Cross-differentiation to derive the maxwell relation $\left(\frac{\partial T}{\partial V}\right)_S = -\left(\frac{\partial P}{\partial S}\right)_V$

Question

How can I use $T=\left(\frac{\partial E}{\partial S}\right)_V$ and $P=-\left(\frac{\partial E}{\partial V}\right)_S$ to derive

$$\left(\frac{\partial T}{\partial V}\right)_S = -\left(\frac{\partial P}{\partial S}\right)_V$$

The book (Statistical Physics by F. Mandl) suggests that $\frac{\partial^2 E}{\partial V \partial S} = \frac{\partial^2 E}{\partial S \partial V}$, but I can't make the connection as to how this helps. He calls this "cross-differentiation", i.e. to form the two derivatives given.

However, how can his suggestion be true?
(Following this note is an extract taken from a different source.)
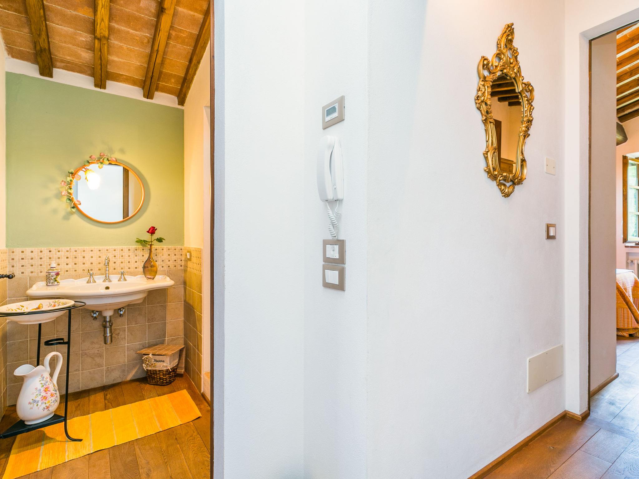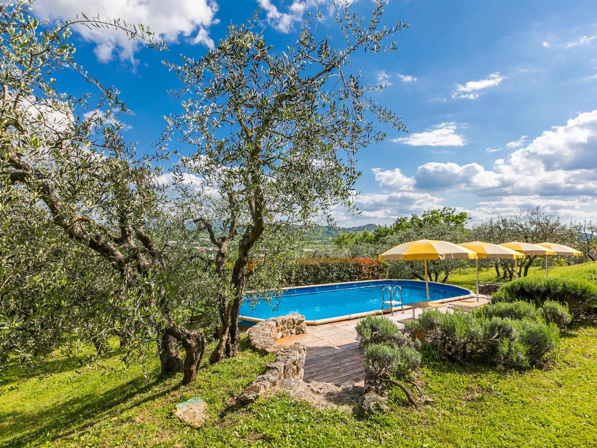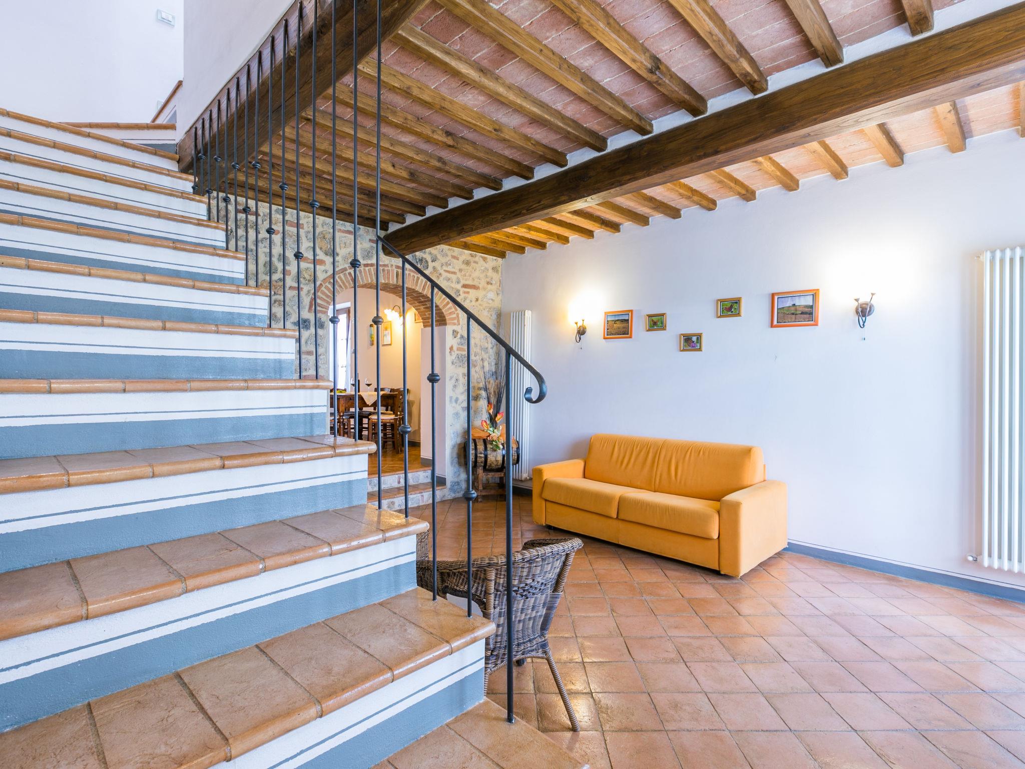 Lucciana 3 km from Casole d'Elsa: Large, comfortable house "Poggio all'Aia", 2 storeys, renovated, surrounded by meadows and vineyards. In the hamlet Lucciana 3 km from the centre of Casole d'Elsa, 11 km from the centre of Colle Val d'Elsa, 19 km from the centre of San Gimignano, in a sunny, elevated position on a slope, 60 km from the sea, in the countryside. Private: terraced garden, 5'000 m2 (fenced) with wildlife garden and trees, natural garden, meadow, swimming pool (above ground) (12 x 5 m, depth 140 cm, seasonal availability: 01.May. - 10.Oct.). Outdoor shower, terrace, garden furniture, barbecue, pool maintenance by the owner/gardener. Parking (for 4 cars) on the premises. Grocery 3 km, supermarket 11 km, restaurant 3 km, bar 3 km, bakery 3 km, bus stop "Casole d'Elsa" 3 km, railway station "Colle Val d'Elsa" 11 km, sandy beach 62 km, outdoor swimming pool 11 km, indoor swimming pool 11 km. Nearby attractions: Volterra 23 km, Siena 38 km, Firenze 64 km. Please note: baby equipment (included). Object suitable for 8 adults groups of teenagers on request only.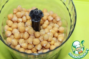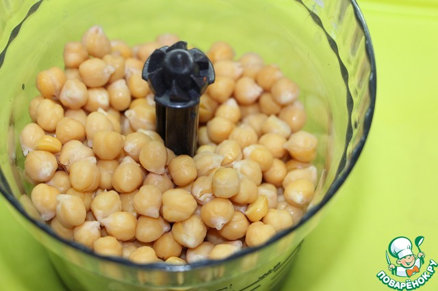Готовый нут откинуть на дуршлаг, дать отвару стечь. Поместить в блендер, перемолоть в крошку.

If we take the 2nd derivative of $E$ using the equation for $T$ and $P$ given above, then

$$\partial T=\left(\frac{\partial^2 E}{\partial S^2}\right)$$

$$\partial P=-\left(\frac{\partial^2 E}{\partial V^2}\right)$$

Answer 1

Assuming the functions are well-behaved (continuous and differentiable), you can change the order of differentiation.

$$ \left(\frac{\partial T}{\partial V}\right)_S=\frac{\partial}{\partial V}\left(\frac{\partial E}{\partial S}\right) = \frac{\partial}{\partial S}\left(\frac{\partial E}{\partial V} \right) = -\left(\frac{\partial P}{\partial S}\right)_V$$